Management Services Stepping Up to the Plate
On Oct. 14, 2022, Morgan Stanley released its fiscal second-quarter 2022 results for the quarter ending September 2022. The Company reported earnings-per-share (EPS) of $1.47 missing consensus analyst estimates for $1.51, by (-$0.04). Total revenues fell (-12) year-over-year (YoY) to $12.99 billion also falling short of consensus analyst estimates for $13.31 billion. The Company delivered return on tangible equity (ROTCE) of 14.6% and the expense efficiency ratio year-to-date was 72%. Institutional securities net revenues were $5.8 billion reflecting strong performance in fixed income and equity to mitigate the uncertain macroeconomic environment that’s limiting investment banking. Wealth management delivered a pre-tax margin of $26.9% from higher net interest income on higher interest rates. Investment management contributed $1.2 billion in revenues on assets under management (AUM) of $1.3 trillion.

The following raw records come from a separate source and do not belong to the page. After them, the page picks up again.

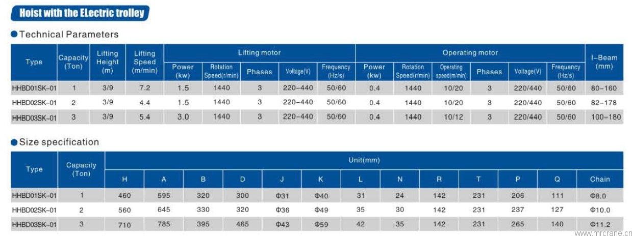 电机:旁磁制动电机,确保起吊安装可靠; 齿轮:20CrMnTi渗碳淬火工艺处理,齿面经磨削处理,低噪音,寿命持久; 链条:进口日本FEC ...
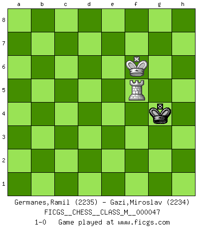 Last move : 1-0 2012 December 21 22:17:37 [Event "FICGS__CHESS__CLASS_M__000047"] [Site "FICGS"] [Date "2011.07.09"] [Round "1"] [White "Germanes,Ramil"] [Black "Gazi,Miroslav"] [Result "1-0"] [WhiteElo "2235"] [BlackElo "2234"] 1.Nf3 Nf6 2.c4 e6 3.Nc3 d5 4.d4 c6 5.Bg5 h6 6.Bh4 dxc4 7.e4 Qa5 8.Bxf6 gxf6 9.Bxc4 Nd7 10.O-O Bg7 11.a3 O-O 12.Qc2 Rd8 13.Rfe1 Nf8 14.Rad1 Bd7 15.Ba2 Rac8 16.e5 c5 17.d5 f5 18.h4 c4 19.Rd4 b5 20.g4 Qb6 21.Bb1 Rc5 22.Qd2 fxg4 23.Rxg4 exd5 24.Rg3 d4 25.Ne4 Rc6 26.h5 Kh8 27.Qf4 Bc8 28.Nd6 Rcxd6 29.exd6 Qxd6 30.Qxf7 Rd7 31.Qe8 Rd8 32.Qe7 Qxe7 33.Rxe7 Bf6 34.Rf7 Bg5 35.Bc2 d3 36.Nxg5 hxg5 37.Bd1 a5 38.Rxg5 b4 39.axb4 axb4 40.Rd5 Re8 41.Rd6 Bd7 42.Kg2 Rd8 43.Rxf8+ Rxf8 44.Rxd7 Rc8 45.Kf3 c3 46.bxc3 bxc3 47.Rxd3 c2 48.Bxc2 Rxc2 49.Rd7 Rc8 50.Kg4 Rg8+ 51.Kf5 Rf8+ 52.Kg6 Kg8 53.Rd2 Rc8 54.f4 Rc6+ 55.Kg5 Rc7 56.Rd8+ Kg7 57.f5 Rc1 58.Rd7+ Kf8 59.Kg6 Rg1+ 60.Kf6 Kg8 61.Rd8+ Kh7 62.Ke6 Re1+ 63.Kf7 Rf1 64.f6 Rh1 65.Ke7 Rxh5 66.f7 Rf5 67.f8Q Rxf8 68.Rxf8 Kg6 69.Ke6 Kg5 70.Rf5+ Kg4 71.Kf6 1-0 Reti Opening Kingside Castling by player White (move 10) Kingside Castling by player Black (move 11) 10 pieces endgame at move 46 : White KRBPPP , Black KRPP WHITE : King + 1 Rook 1 Bishop 3 Pawns BLACK : King + 1 Rook 2 Pawns 9 pieces endgame at move 46 : White KRBPP , Black KRPP WHITE : King + 1 Rook 1 Bishop 2 Pawns BLACK : King + 1 Rook 2 Pawns 8 pieces endgame at move 47 : White KRBPP , Black KRP WHITE : King + 1 Rook 1 Bishop 2 Pawns BLACK : King + 1 Rook 1 Pawn 7 pieces endgame at move 48 : White KRBPP , Black KR WHITE : King + 1 Rook 1 Bishop 2 Pawns BLACK : King + 1 Rook 6 pieces endgame at move 48 : White KRPP , Black KR WHITE : King + 1 Rook 2 Pawns BLACK : King + 1 Rook 5 pieces endgame at move 65 : White KRP , Black KR WHITE : King + 1 Rook 1 Pawn BLACK : King + 1 Rook Promotion Queen by player White (move 67) 4 pieces endgame at move 67 : White KR , Black KR WHITE : King + 1 Rook BLACK : King + 1 Rook 3 pieces endgame at move 68 : White KR , Black K WHITE : King + 1 Rook BLACK : King + Player White won this chess game. Follow this game move after move (download)Life is a kind of Chess, with struggle, competition, good and ill events. (Benjamin Franklin) Woher wissen wir, daß der Neanderthaler Blindschach gespielt hat? -- Bei Ausgrabungen wurden keine Schachbretter und Figuren gefunden. (Anonymous) Aquellos que dicen entender al Ajedrez, no entienden nada. (Robert Hubner) Les sacrifices démontrent seulement que quelqu'un a gaffé. (Savielly Tartacover) There's no money in correspondence chess. (John Knudsen)
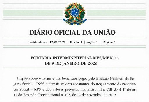 Foi publicada a Portaria Interministerial MPS/MF nº 13, de 9 de janeiro de 2026, do Ministério da Previdência Social e do Ministério da Fazenda, que divulga a tabela de faixas para atribuição de alíquotas previdenciárias, bem como limite de salários de contribuição ao INSS, além de reajustar os benefícios pagos pelo Instituto Nacional do Seguro Social (INSS) e os demais valores constantes do Regulamento da Previdência Social (RPS).
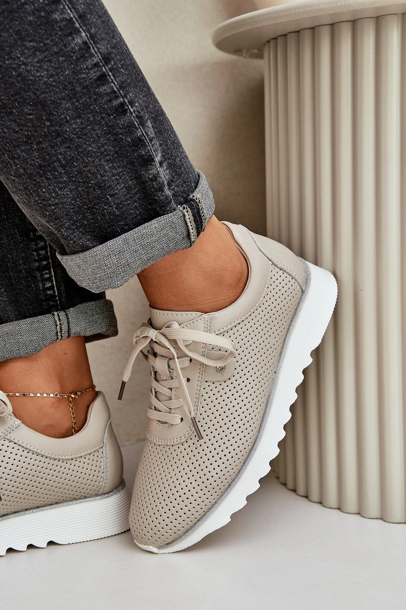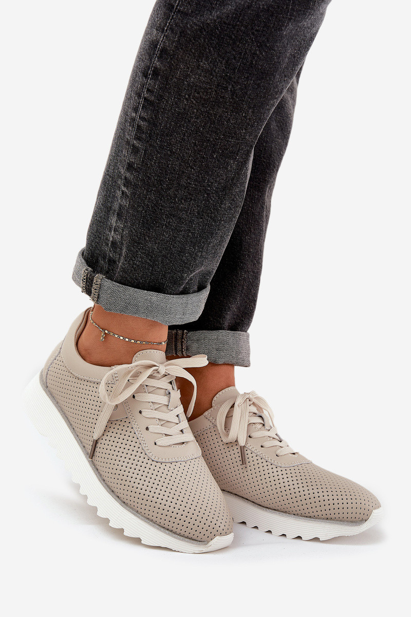 Kožené Sportovní Boty Na Platformě S Leskem D&A LR51-629 Béžové

Investment Banking Overshoots on the Downside
Investment banking revenues fell (-55%) from the year ago period. Investment banking saw advisory revenues fall to $5.817 billion from $7.495 billion a year ago. Underwriting revenues collapsed to $1.277 billion from $2.849 billion. Fixed income underwriting revenues fell to $366 million from $567 million a year ago. Morgan Stanley CEO James Gorman commented “Wealth Management added an additional $65 billion in net new assets and produced a pre-tax margin of 28%, excluding integration-related expenses, demonstrating scale and stability despite declining asset values. While Investment Banking and Investment Management were impacted by the market environment, Fixed Income and Equity navigated challenging markets well. We continue to maintain our strong capital position while repurchasing $2.6 billion of shares and distributing a healthy dividend.”